**Your goal:** Give back an exact repetition of the material below, from its first line through the line that contains "食事は、夕食はビュッフェの他", both included, minus the pictures.

**Source material:**
::::::::

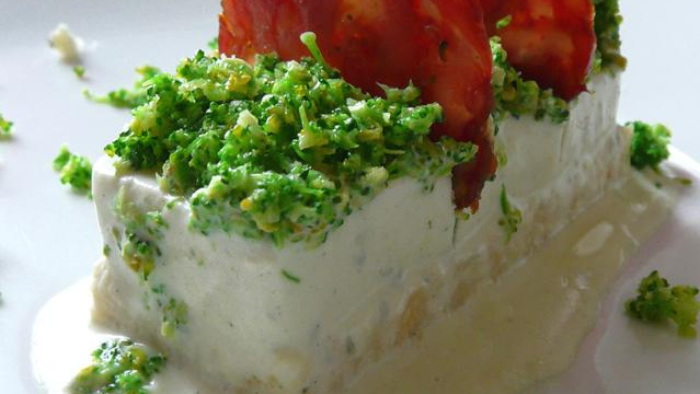 Pour la panna cotta: faites tremper les feuilles de gélatine dans un bol d'eau froide. Faites chauffer la crème liquide et faites-y ensuite fondre le Roquefort à feu doux. Égouttez la gélatine et faites-la dissoudre dans la crème en mélangeant. Coupez le feu. Ajoutez le fromage blanc en fouettant. Laissez refroidir quelques minutes.
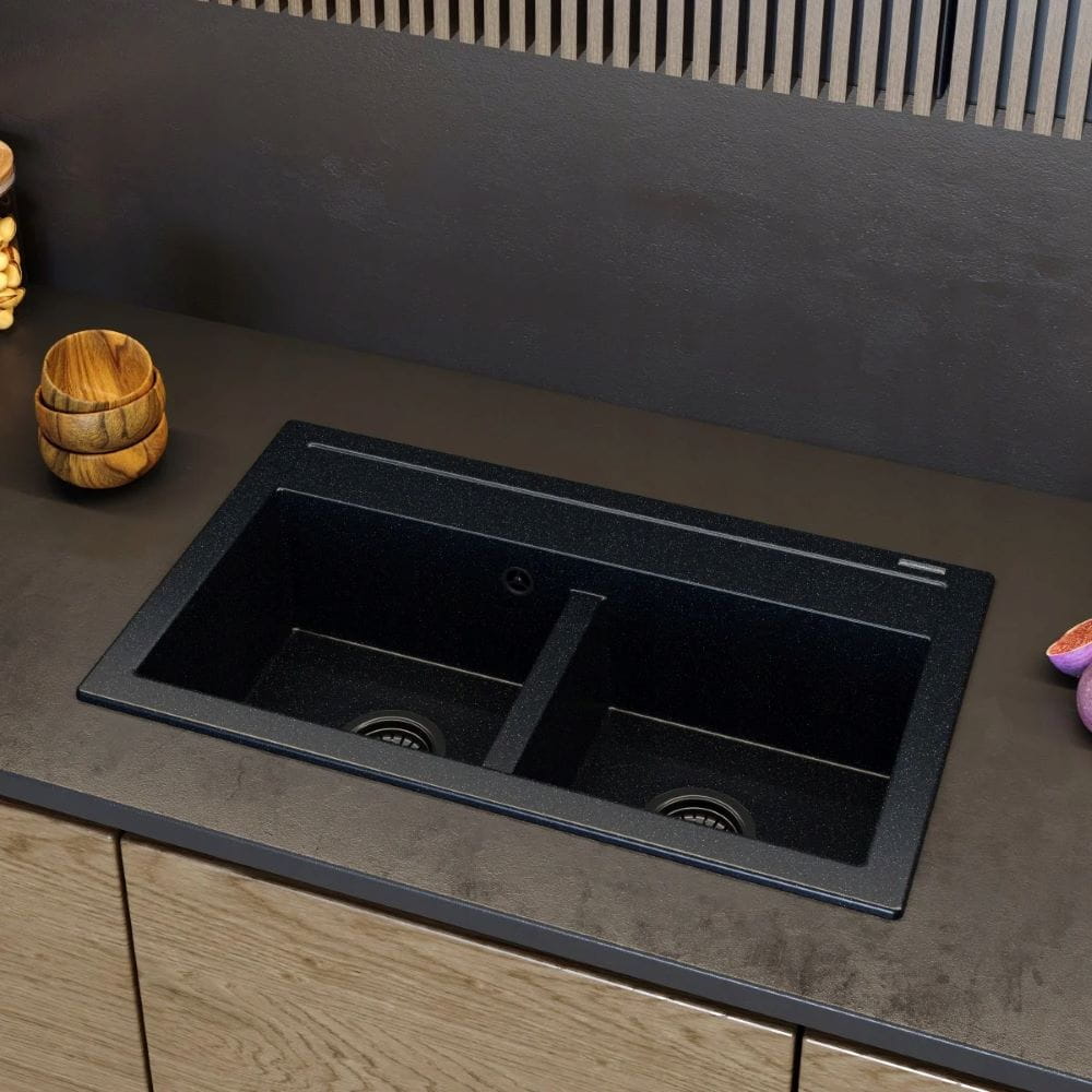 Czarny zlewozmywak granitowy z drobinkami koloru srebrnego Duet metalic
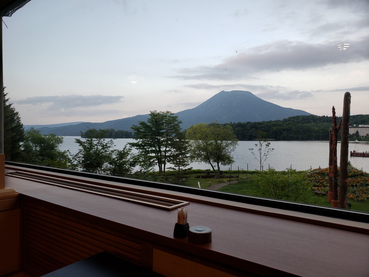 食事は、夕食はビュッフェの他に会席も用意され、そこからも雄阿寒岳がきれいに見えました。
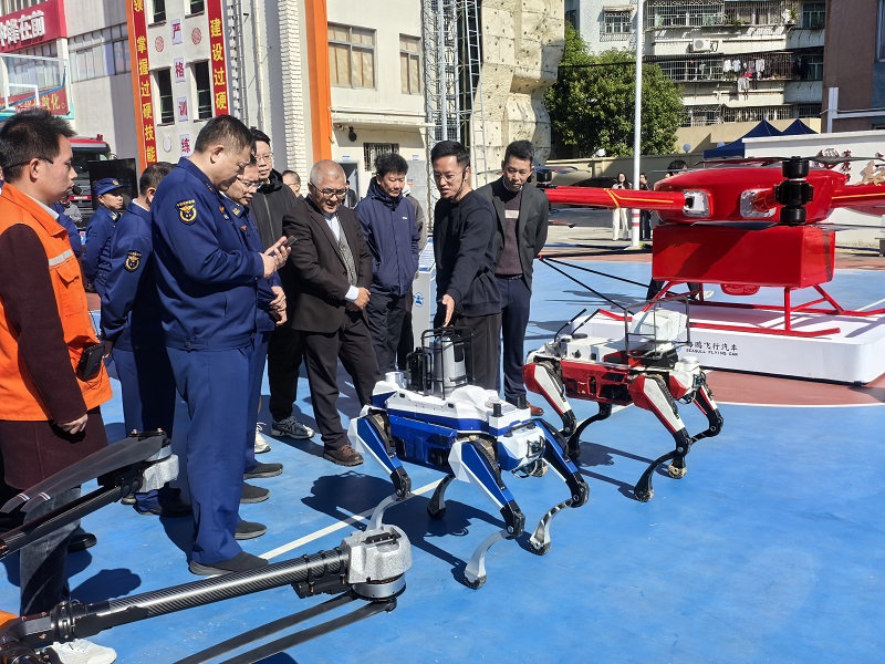 活动围绕消防通信装备融合通信网关、双光图传、侦察机器狗、各类型无人机等科技成果开展了示范观摩及技术交流。肯定了消防通信装备接口丰富、应用简便、充电效率高的优点,提出了进一步优化集成设计、减小体积、降低重量的意见建议;讨论了各类型无人机在地震、洪涝等自然灾害,森林草原火灾,重大城市火灾以及安全生产事故中的适用场景,演示了侦察机器狗的行走动作灵活、侦察图像回传和智能操作等优越性能。交流活动中各单位人员集思广益、畅所欲言,收到了良好的效果。

::::::::

**Task output:**
 Pour la panna cotta: faites tremper les feuilles de gélatine dans un bol d'eau froide. Faites chauffer la crème liquide et faites-y ensuite fondre le Roquefort à feu doux. Égouttez la gélatine et faites-la dissoudre dans la crème en mélangeant. Coupez le feu. Ajoutez le fromage blanc en fouettant. Laissez refroidir quelques minutes.
 Czarny zlewozmywak granitowy z drobinkami koloru srebrnego Duet metalic
 食事は、夕食はビュッフェの他に会席も用意され、そこからも雄阿寒岳がきれいに見えました。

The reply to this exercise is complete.